Kann ich mir auch nicht denken. War schon x-mal auf dieser Seite.
Active X ist bei mir stets auf Eingabeauffordeung bei den sicheren und auf aus bei unsicheren Seiten gestellt.
Nur Active Scripting ist an.
Kann auch sein, dass ich mal wieder zu viel gleichzeitig laufen hatte.


----------



## Comedian1 (2 August 2003)

gelöscht


----------



## Rechenknecht (2 August 2003)

Comedian1 schrieb:
			
		

> Es ist ein Trojaner, der Webseiten angreift:
> 
> http://vil.nai.com/vil/content/v_98858.htm


@comedian
Danke der war´s.

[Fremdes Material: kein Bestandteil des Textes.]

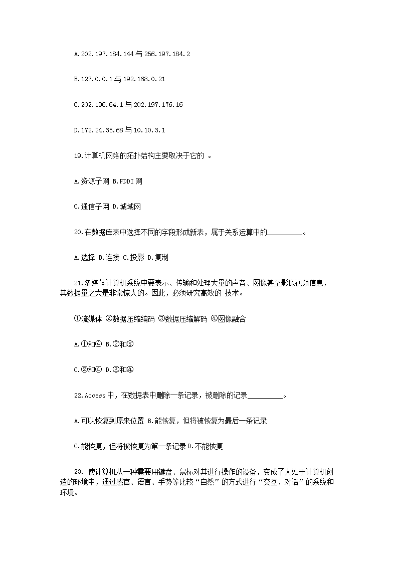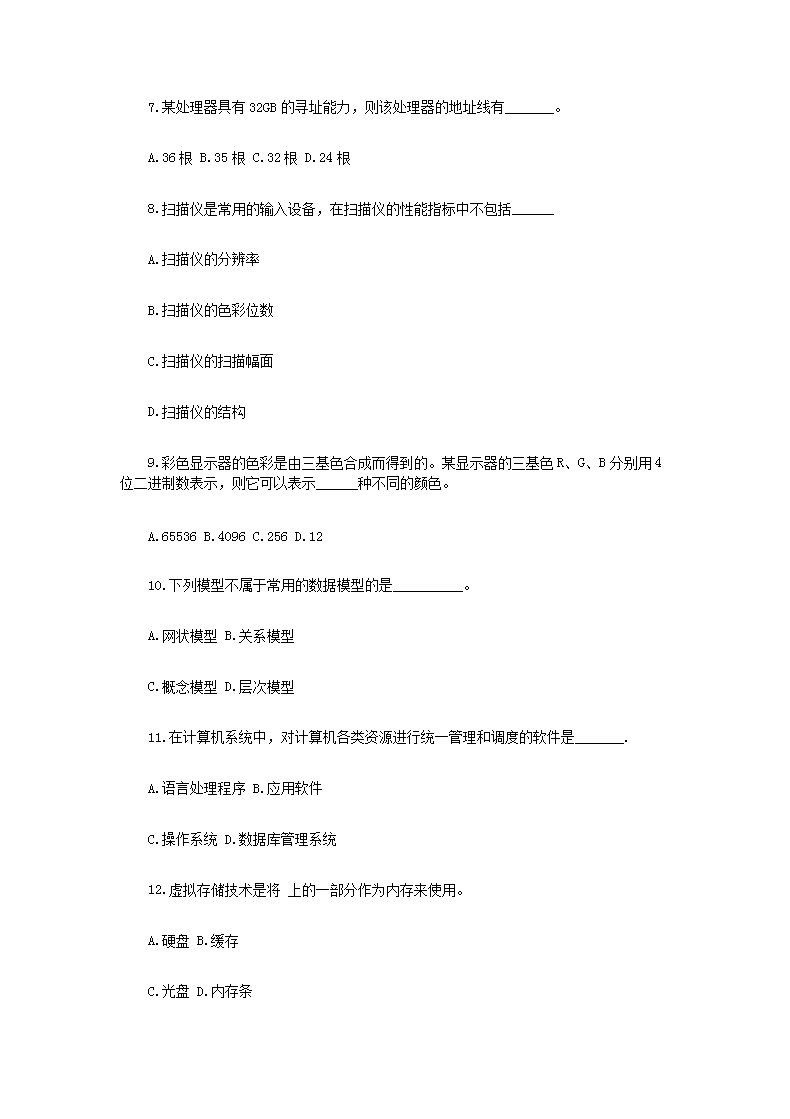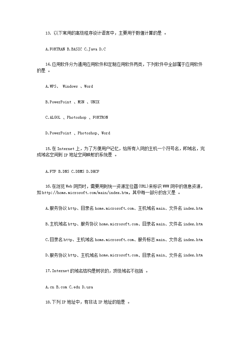 【文档预览】 无忧考网整理发布2020年山东专升本计算机模拟练习题三套(Word版),前五页预览如下:
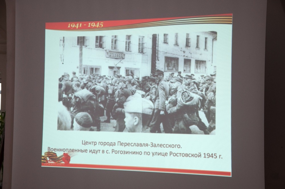 Рассказ был проиллюстрирован историческими фотографиями и фотокопиями документов. Юлия Яковлевна рассказала о создании лагеря, его численном и национальном составе, условиях жизни военнопленных, тех работах, на которые их направляли, взаимоотношениях с местным населением, кладбище и закрытии лагеря.
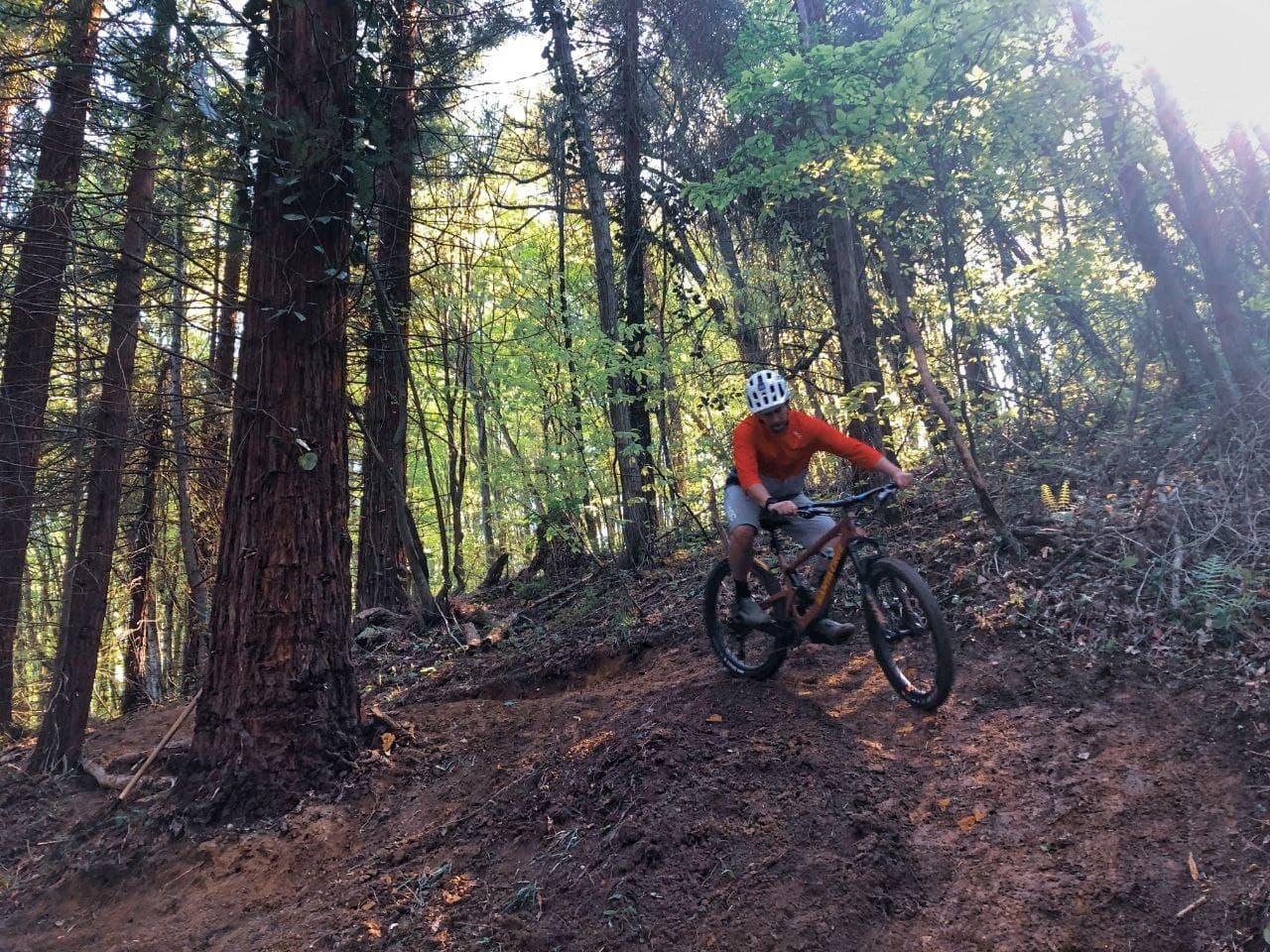 Общий перепад составляет порядка 400 метров. В одном спуске можно проехать 3 разных трейла: около 1 км, 1,4 км и 600 м. Подъём — своим ходом по лесопарку, но благодаря электропомощи впечатление аккуратно смягчается. Это позволяет не просто спускаться, но и наслаждаться видами по пути наверх.

Hab ihn gespeichert (Diskette) und anschließend gelöscht.
 :thumb:


----------



## Lumumba (20 Januar 2006)

Rechenknecht schrieb:
			
		

> Ich war heute Vormittag auf w*w.stephankrieger.de als sich der Bildschirm 2 mal neu aufgebaut hat.
> Kurz darauf musste ich erst einmal meinen Netzschalter betätigen.
> Es fanden sich noch zwei cookies



Huch...   
Hab ich eben durch Zufall entdeckt.  
Auf meiner Seite sollte nun wirklich *nichts *sein... 
Aber das Rätsel wurde ja gelöst!  0 
Gruß 
Stephan Krieger


----------



## stieglitz (20 Januar 2006)

Der Vorgang ist ja auch erst 2,5 Jahre her.


----------



## Lumumba (20 Januar 2006)

Macht doch nichts... Trotzdem bin ich erschrocken, wenn man was (angeblich negatives) über mein Forum berichtet... :tröst:


----------